§ Work to complete: Write the listing below out again word for word, without a single picture.

§ Source data:

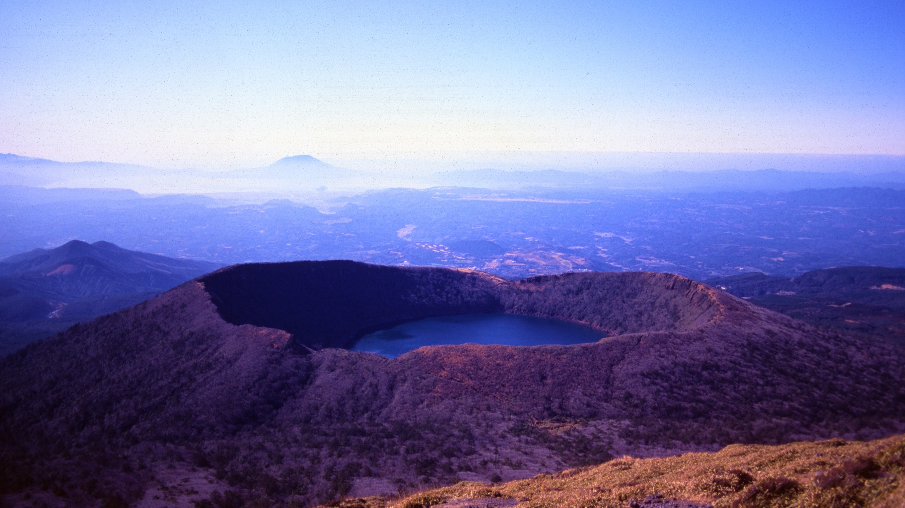 Ohnami-ike seen from Karakunidake.
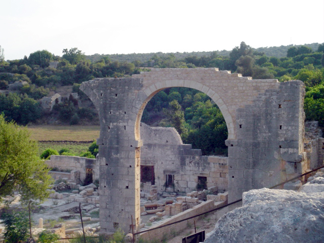 Ellaiussa-Sebaste is ancient Roman site in Erdemli district of Mersin province in Turkey.
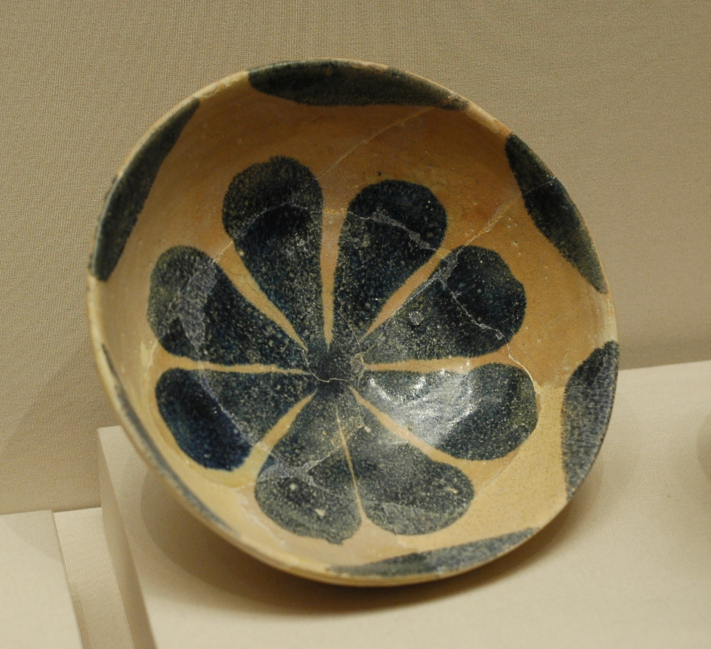 Cup with rose petals.
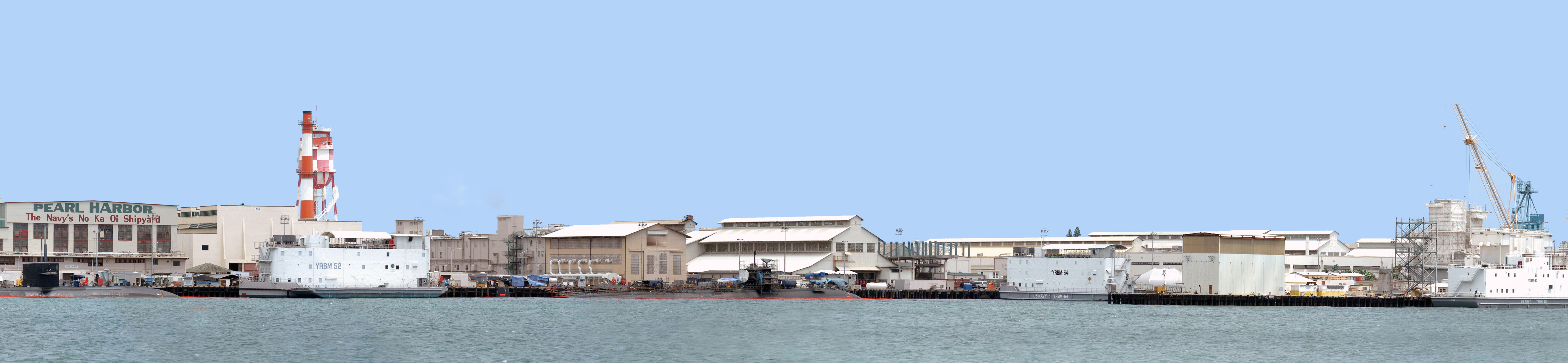 060713-N-4003L-106 PEARL HARBOR - Pearl Harbor Naval Shipyard as seen from Ford Island.
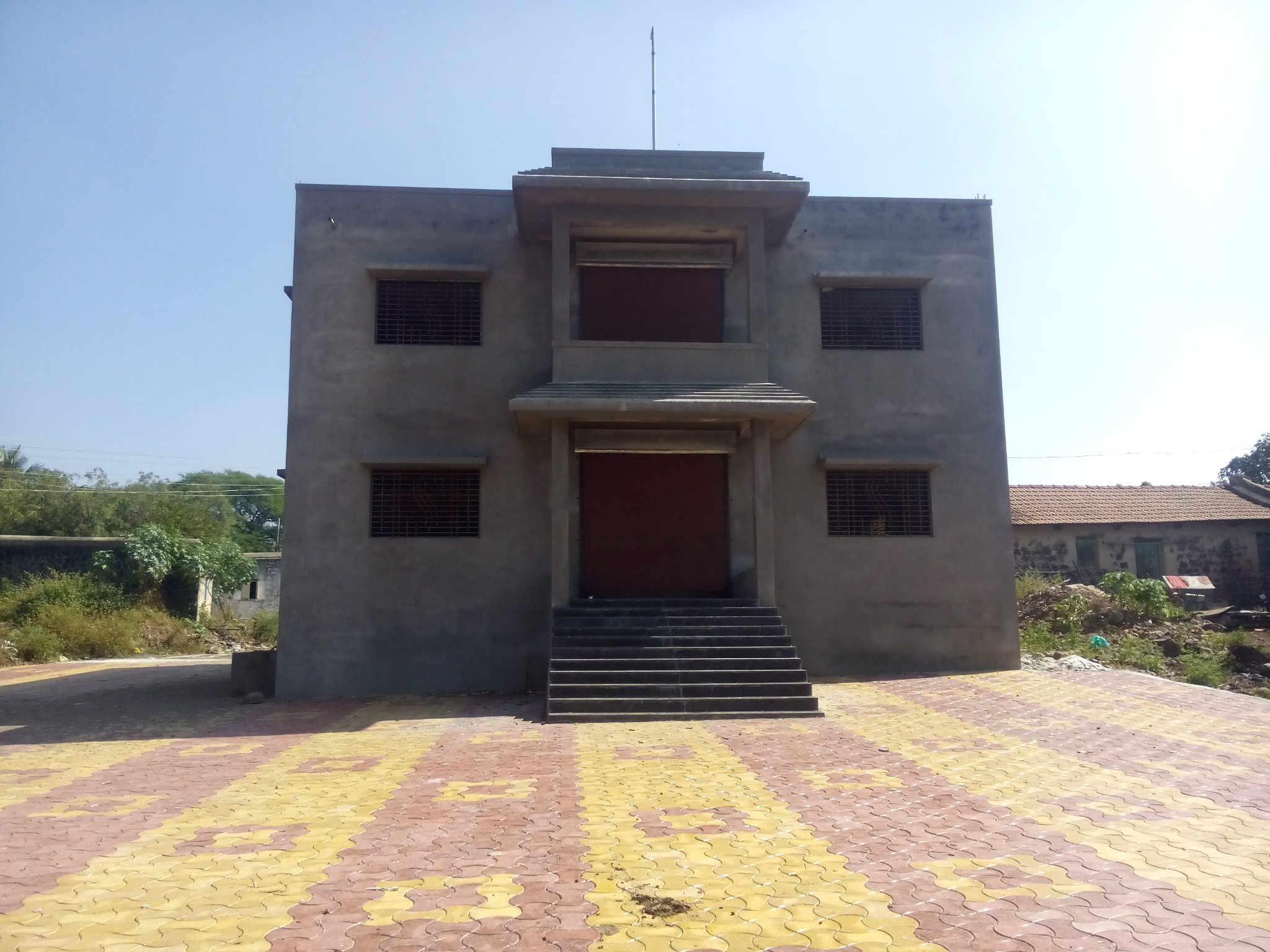 photo

§ Worked solution:
 Ohnami-ike seen from Karakunidake.
 Ellaiussa-Sebaste is ancient Roman site in Erdemli district of Mersin province in Turkey.
 Cup with rose petals.
 060713-N-4003L-106 PEARL HARBOR - Pearl Harbor Naval Shipyard as seen from Ford Island.
 photo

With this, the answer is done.